Earlier this week, I have been sharing with you about our recent trip into the old, mining town of Bisbee, AZ.

From unique pieces of art, the friendly people, great food and endless stairways, our trip was so much fun.

Gardens of Bisbee

  What I haven’t shown you in my earlier posts are the plants and gardens of Bisbee, which deserve their own post.

Bisbee is located in zone 8a, which is means that it gets about 10 degrees colder then Phoenix and Tucson areas.  Because this historic town is also higher in the mountains, it doesn’t get as hot in the summer months.

Much of the plants were the same of what you would see growing throughout central and southern Arizona.  Missing were the more tropical plants such as bougainvillea, yellow bells and lantana, which struggle to survive the winters in this area.  

Gardens of Bisbee

The gardens in Bisbee often made use of old, antique pieces that intermingled almost seamlessly among garden plants.

Gardens of Bisbee

In this garden, the homeowner added a splash of color by using brightly-colored bottles to form an informal border along her raised beds.

old miner's pan

Up on her wire fence, she had an old miner’s pan and soup pot hanging from a post.

Historical Clawson House

The Historical Clawson House had a lovely planting arrangement that I particularly liked.

The Gardens of Bisbee

A large swath of flowering coreopsis contrasted beautifully with the gray/blue agave showing us that you don’t need a lot of different types of plants to make a statement in the garden – sometimes less is more effective.

jasmine vine

Walking along the main street, I saw the biggest star jasmine vine.

The Gardens of Bisbee

It grew up the metal fence and beyond, hugging this 3-story building.  Needless to say, the fragrance was intoxicating.

container plants

A brightly-colored building had an unusual pair of container plants.

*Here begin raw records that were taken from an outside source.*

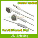 White Earphone Headphone Headset w/ Mic Microphone for iPhone 3G 3GS 4 4G & Ipod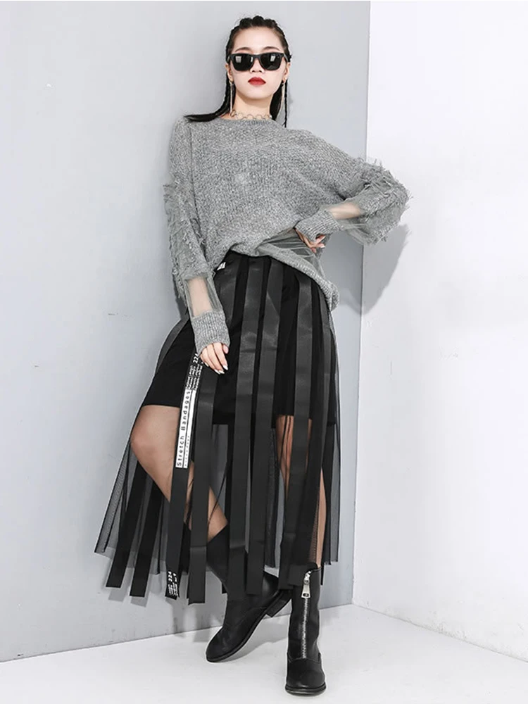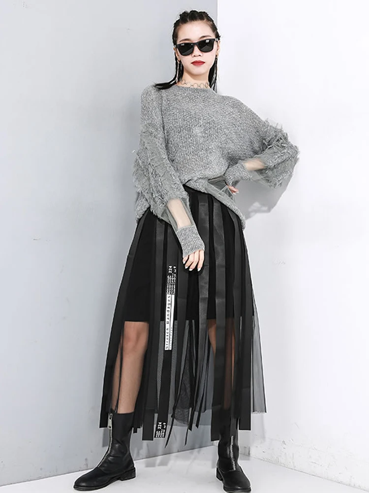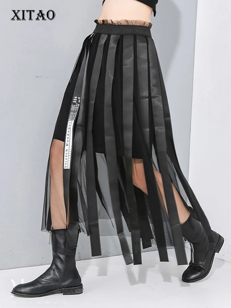 Женская Асимметричная юбка XITAO, сетчатая Комбинированная юбка с поясом на резинке, весна 2020, WLD1084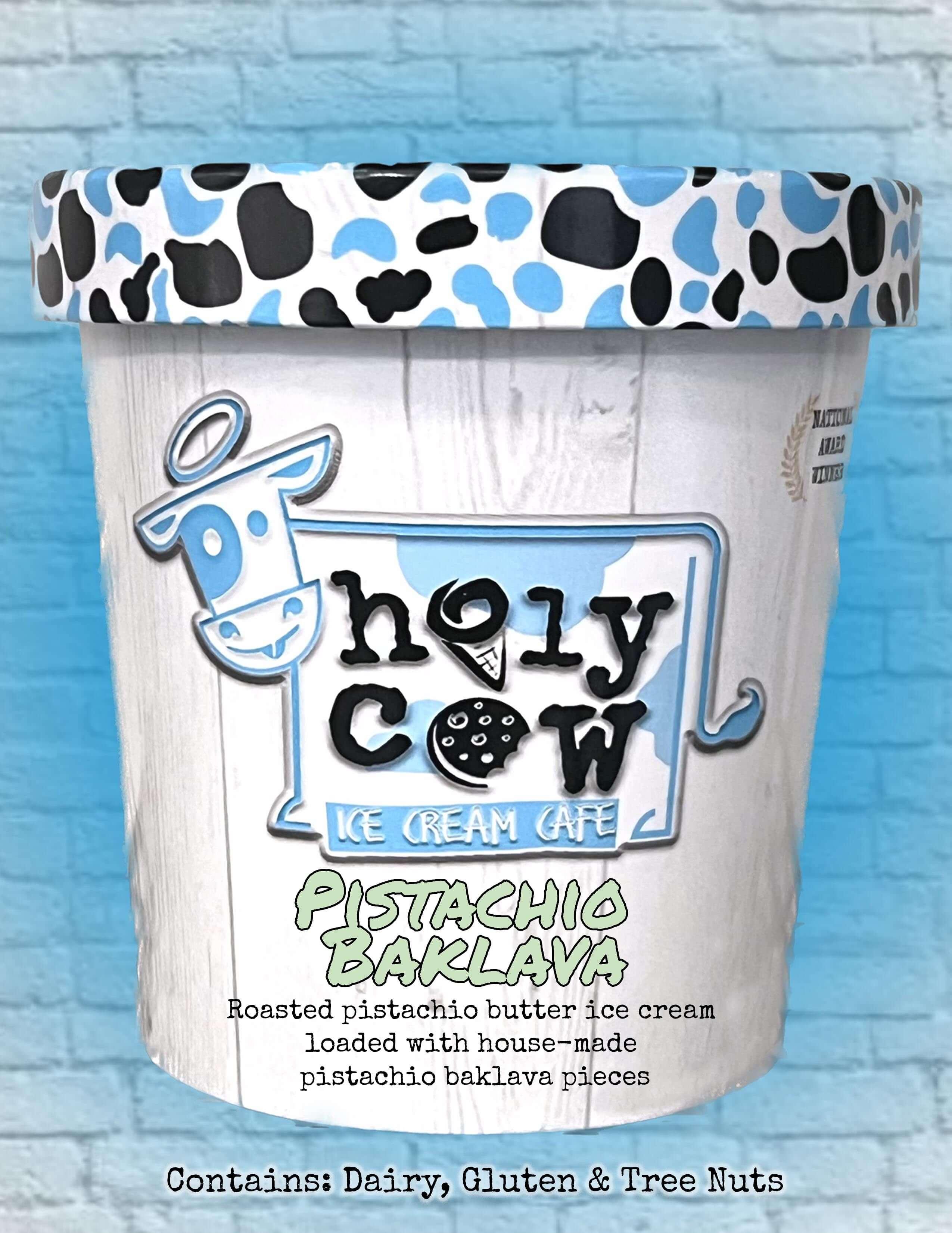 2024 North American Ice Cream AssociationFlavor of the Year (Northeast Region) Honey-infused pistachio butter base, with roasted pistachio toffee and bits of crispy phyllo dough Contains: Dairy, Gluten & Tree Nuts

Spinless prickly pear (Opuntia ellisiana)

Spinless prickly pear (Opuntia ellisiana) looked great in half-whiskey barrels.

The Gardens of Bisbee

Continuing our walk through town, I saw a small cafe which had an adjoining garden that can only be described as a grotto.

prickly pear cactus

Where else, but in the desert southwest would you see a prickly pear cactus growing along side a rose bush?

pink Iceberg roses

Speaking of roses, I spotted a hedge of pink Iceberg roses in full bloom.

*Iceberg roses are a typically used for providing an informal hedge and they do well in Arizona.

The Gardens of Bisbee

In front of the iconic courthouse, I spotted some flowering ocotillo, so I headed over for a closer look.

vermillion-colored flowers

I never tire of seeing the vermillion-colored flowers of ocotillo year after year.

My little ocotillo produced its first flower earlier this spring, after 4 years in the ground!  It can take while for newly planted ocotillo to flower, but 4 years was a little long to have to wait.

The Gardens of Bisbee

Alongside the ocotillo were santa-rita (purple) prickly pears in full bloom.

historic downtown

Continuing our walk through the historic downtown, I noticed murals painted along the Cochise County Cooperative Extension Building.

The Gardens of Bisbee

In the window of the building were some helpful plant tips.

The Gardens of Bisbee

What a great way to add ‘plants’ to an area where planting live plants isn’t feasible.

The Gardens of Bisbee

This small front garden had a naturalistic planting theme using white achillea with Mexican evening primrose.

The Gardens of Bisbee

A local store did add some live plants by training a pair of vines over the doorway.

The Gardens of Bisbee

As I passed by these large metal doors, I wondered what lay behind them…

The Gardens of Bisbee

I peeked through a crack and noticed a lovely, little garden.  I just wish that I could have seen more.

The Gardens of Bisbee

I have always liked small bungalows and their gardens.  Maybe I can have one someday when the kids are gone and we need less room.

 white Texas sage

Here is another bungalow garden filled with purple prickly pear, a white Texas sage and autumn sage.

The Gardens of Bisbee

The city park had a two rain barrels, painted with rainy themes.  It was a great way to demonstrate how homeowners can harvest their own rainwater.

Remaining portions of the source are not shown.